European Commission Announces First Ever Formal Pharma Cartel Price-Fixing Complaint.  The European Commission announced on June 13 that it is has filed a Statement of Objections for its first pharmaceutical cartel case. The EC alleges that an Indian-based company, Alchem International Pvt. Ltd., and it subsidiary fixed the “minimum sales price” of an active ingredient in drugs to reduce abdominal cramping, Buscopan, and its generic versions. The EU announcement comes after October 2023 fines imposed upon six other companies for price fixing of the same ingredient in the same alleged conspiracy—the other six settled with the EU authorities in October 2023 for $14.4 million (€13.4 million) after admitting to coordinating to set the sales price of the ingredient to common distributors and manufacturers. One of those companies, C2 Pharma was not fined as it cooperated with European authorities and helped build its their cases. The Statement of Objections is not publicly available. The case is No. AT.40636 before the European Commission Competition division.

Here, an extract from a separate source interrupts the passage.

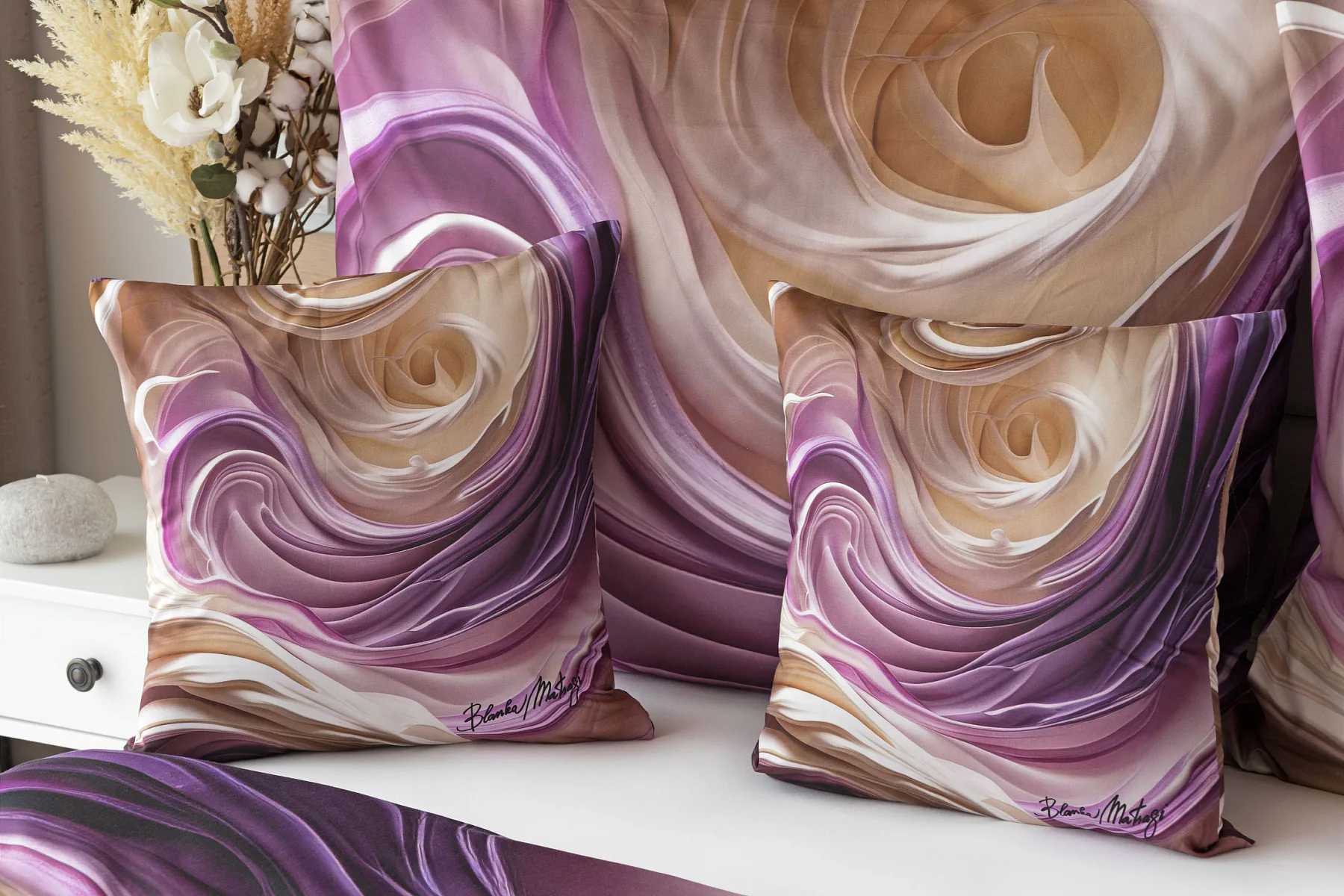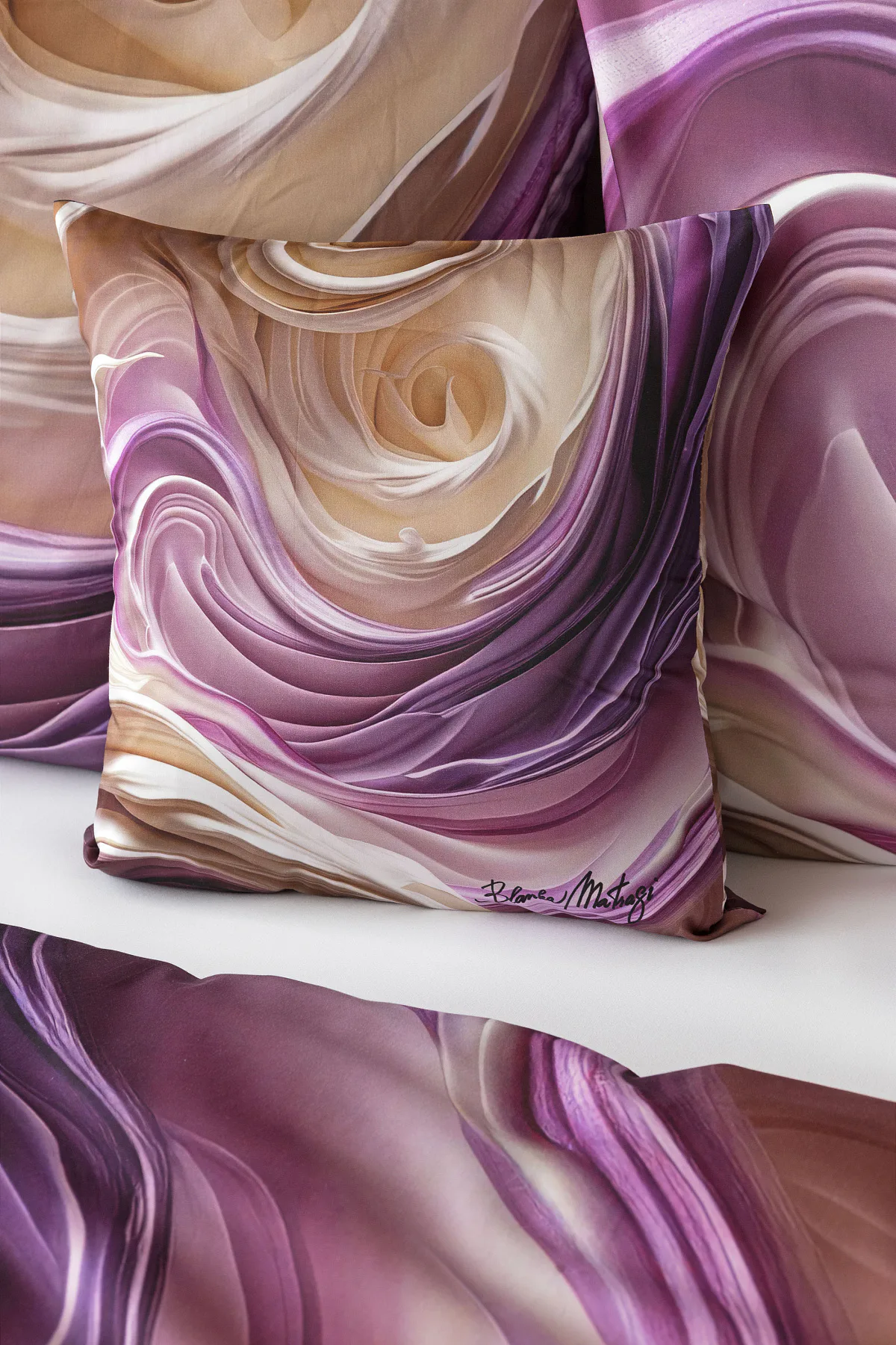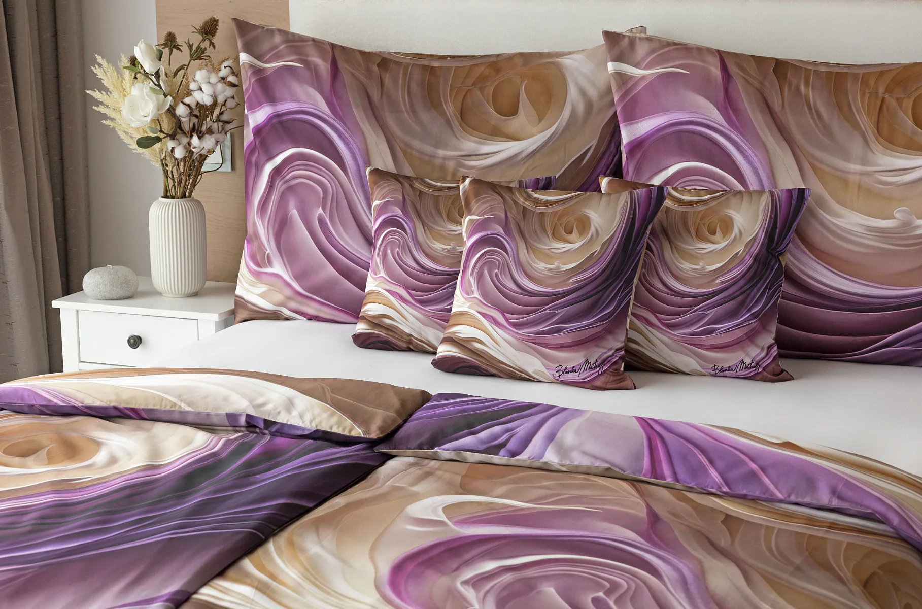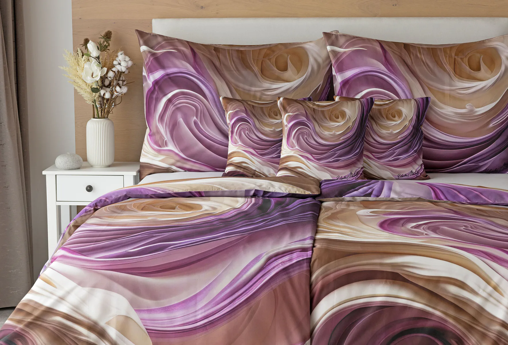 Tento autorský digitálně zpracovaný motiv harmonicky spojuje zářivé odstíny fialové s paletou krémových a béžových tónů. Nejmodernější digitální tisk zajišťuje

FTC Submits Comment Supporting Proposed USPTO Rule Regarding Disclosure of Patent Settlement Agreements.  The FTC submitted a comment on June 18 expressing support for a proposed Patent and Trademark Office (PTO) rule would require parties to proceedings before the Patent Trial and Appeal Board (PTAB) to file all settlement agreements resulting in termination of the proceedings. As the USPTO explained in its April 19, 2024 Notice of Proposed Rulemaking, one of the proposed rule changes expands on the current statutory requirement that parties settling cases after institution by PTAB must file related settlement agreements. The proposed rule would require that parties file agreements reflecting settlement at any point, even before the agency institutes (i.e., agrees to proceed with) any case. Consistent with 35 U.S.C. § 317(b), agreements filed with the PTAB shall be made available to federal agencies on written request.

The FTC comment focuses on the Medicare Prescription Drug, Improvement, and Modernization Act of 2003 (MMA), which requires pharmaceutical companies to file patent settlements and related agreements with the FTC and Department of Justice. Congress expanded the MMA in 2018, the FTC explains, to require similar filings regarding settlement agreements for biologics and biosimilars. The FTC argues that the proposed PTO rule “would enhance the government’s ability to monitor and curb potentially harmful and unlawful pre-institution settlement agreements,” which “have made up over half of all settlements in [America Invents Act] proceedings” before the PTAB. 

The deadline for comments on the proposed rule was June 18. The PTO has not indicated when the contemplated rule change may take effect.